Heavily pretreated ovarian cancer patients treated by single-agent gemcitabine. A retrospective outcome comparison between platinum-sensitive and platinum-resistant patients

, , , , , , , , & show all
Pages 463-468 | Received 09 Aug 2005, Published online: 08 Jul 2009

Abstract

To assess activity and toxicity of gemcitabine treatment in heavily pretreated epithelial ovarian cancer (EOC) patients and compare the outcome between platinum-sensitive and platinum-resistant patients. We conducted a retrospective analysis of 43 women with EOC treated with gemcitabine on Days 1, 8 and 15 every 28 days. Response was evaluated by physical examination and serial CA 125 measurements. The patients (median age 62 years, range 29–87) were previously exposed to a median of 3 (2–8) chemotherapy regimens. A median of 3.5 (1–14) gemcitabine cycles were administered. Eleven (25.6%) patients showed partial response, 19 (44.2%) had stable disease and 13 (30.2%) progressed. Among 22 platinum-sensitive and 21 platinum-resistant patients, the response rate was 45.5% and 4.7% respectively (p = 0.001), and the median time to progression was 5.0 and 2.8 months, respectively (p = 0.0006). The respective median survival was 16.5 and 6.3 months (p = 0.0001). Grade III–IV hematological toxicities included anemia in four (9.3%) patients, thrombocytopenia in four (9.3%) and leucopenia in two (4.7%). The main non-hematological toxicities were grade III fatigue in two patients (4.7%) and nausea and vomiting in two (4.7%). Single agent gemcitabine is an attractive option for heavily pretreated EOC patients. The significant difference between platinum-sensitive and resistant patients’ warrants further investigation.

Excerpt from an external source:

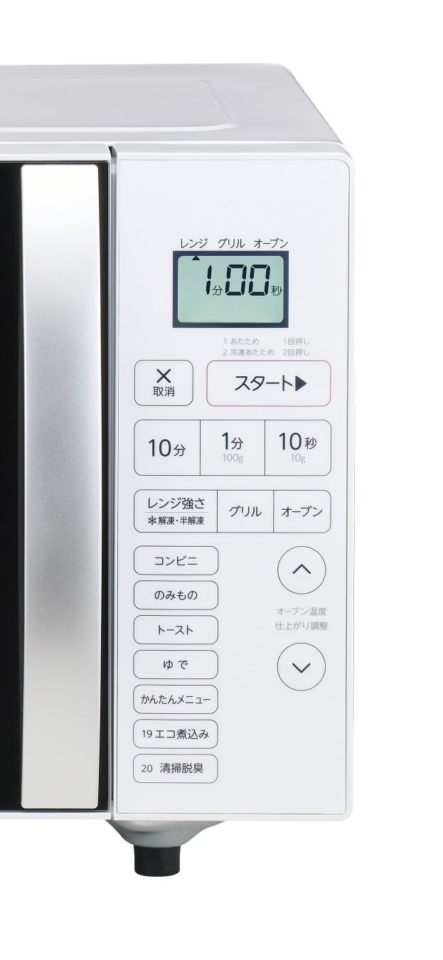 この度発売する、16Lオーブンレンジは自炊に役立つ20種類※1のオートメニューを搭載し、簡単操作で手軽にもう一品が作れる「かんたんメニュー」や、おいしく節約もできる「エコ煮込みメニュー」など、忙しい毎日の食生活をサポートするオーブンレンジです。幅46cmのコンパクト設計でひとり暮らしのワンルームのお部屋や、ふたり暮らしの限られたキッチンスペースにも設置しやすいサイズを実現しました。

Ovarian cancer is the fifth most common cause of death from cancer in women and the leading cause of gynecologic cancer deaths in western countries Citation[1]. Post-operative adjuvant platinum and paclitaxel combination therapy has become the primary standard of treatment since 1996 Citation[2], Citation[3], leading to a median survival of 38 months Citation[2] with a 5-year survival rate of almost 50% Citation[1]. Most patients experience relapse after this primary therapy and the disease-free interval appears to be significant in predicting response to subsequent chemotherapy. Patients who experience recurrence after >6 months (platinum sensitive) have a better prognosis Citation[4] and 50–60% response rate (RR) to second-line chemotherapy Citation[5], whereas patients with a disease-free interval of ≤6 months (platinum resistant) or those with refractory disease will have lower RR of 20–30% and 10% respectively Citation[5]. Since most patients with recurrent ovarian cancer will succumb to their disease, the priority of second-line chemotherapy is palliative, i.e., to postpone symptomatic disease progression while maintaining the best possible quality of life.

Gemcitabine is a deoxycytidine nucleotide analogue of cytosine arabinoside Citation[6]. The active metabolites of gemcitabine, gemcitabine diphosphate and gemcitabine triphosphate block ribonucleotide reductase, causing lower levels of native deoxycytidine and inhibition of DNA replication and repair Citation[7]. Difluoro-deoxycytidine triphosphate competitively inhibits DNA polymerase and terminates DNA-chain elongation Citation[8]. Gemcitabine has been studied as single agent chemotherapy for recurrent ovarian cancer, demonstrating activity with a response rate of 11–29% Citation[9–19]. Some of these studies Citation[10], Citation[11], Citation[13], Citation[17], Citation[19] indicated that gemcitabine monotherapy is also active in platinum-resistant and refractory patients with response rates of 17% and 16% respectively Citation[17], Citation[19] and a 36% disease stabilization. However, some of the women included in these studies were actually sensitive to the initial platinum treatment but experienced secondary resistance Citation[20]. Moreover, no comparison was done between platinum resistant and platinum-sensitive patients.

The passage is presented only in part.